# Taurus PT 1911 45 ACP Yipee Yipee



## Big222Dog (Dec 21, 2009)

Well the long wait for my FAC is over, I picked up my new PT1911 in 45ACP, I went to the range, put on my Blackhawke Sherpa holster and my EZ grips and set out to zero it at 10Mtrs. Problem was,,, or should I say no problem was,,, It was spot on. I really love this wee gun and can't wait to go back to the range; which should be today but I have to watch the kids so it looks like a spot of rifle shooting up the back field will have to do. So I love my gun as I do all my guns. My pistol round up is:
>> Taurus PT 1911 45ACP
>> CZ 75 Shadow SP-01 9MM Luger
>> Taurus Euro Champion .38/.357 mag 5" barrel revolver

Here is a question for you .22LR pistol shooters. I want a .22LR to introduce my boys to pistol shooting and also for some cheap shooting. I have looks at the following guns (on the internet only):
>> Ruger Mk3 target - I love the look of this gun, shot an MK2, good reviews, but right not to pricey 
>> Sig Mosquito - Looks good, price good, suits small hands - lots of bad reviews
>> Walther P22 - Looks good, price good, suits small hands - better reviews than the Sig but still some doubt.
>> Chiappa 1911-22 Target 22lr Pistol - looks good, reviews good, and price so far seems good.

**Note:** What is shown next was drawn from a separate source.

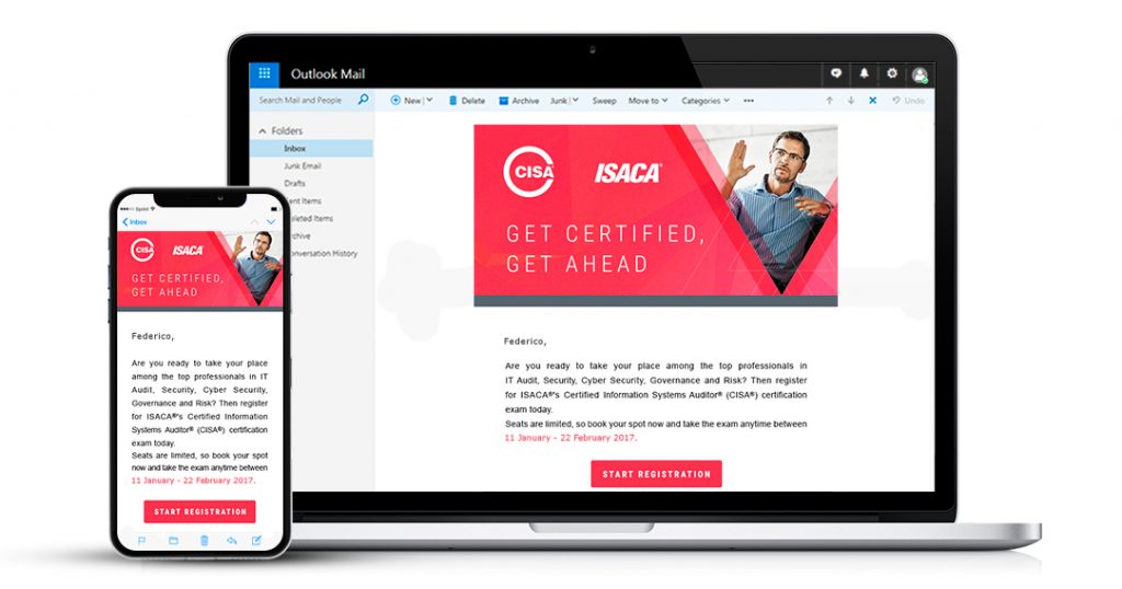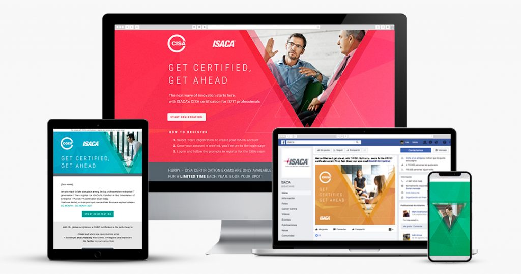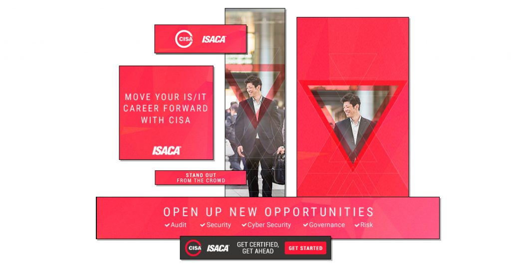 After running several previous campaigns, ISACA wanted to get more creative to drive their KPIs. They presented us with their objectives and asked us to mock up several concepts. Once the winning concept was chosen, we developed a multi-channel campaign that tapped into the flexible reach of standard ads while staying true to the professional tone ISACA needed to maintain.

Have any of you used, own or know anyone who owns a Chiappa 1911-22 Target 22lr Pistol. At the moment this is the gun I want to research as I think it will tick all my boxes including price. I would appreciate honest comments and guidance. I have never heard of this brand until 2 weeks ago.

Thanks guys


----------



## Baldy (Jun 21, 2006)

Stick with the proven Ruger and you will be very happy. There's three times the accessories out there for the Rugers as compared to anybody else. They will last a couple of life times if met half way with service.

I have a 1977 MK-I Standard, a 2010 MK-III .22/45, and a 2010 MK-III Talo. Other pistols may be nice but it's hard to beat a Ruger who's been around since 1948. :smt033


----------



## tony pasley (May 6, 2006)

Ruger Mark II I have one with over 100,000 rounds through it and it still shoot like it was designed. Properly maintained and it will out last your children.


----------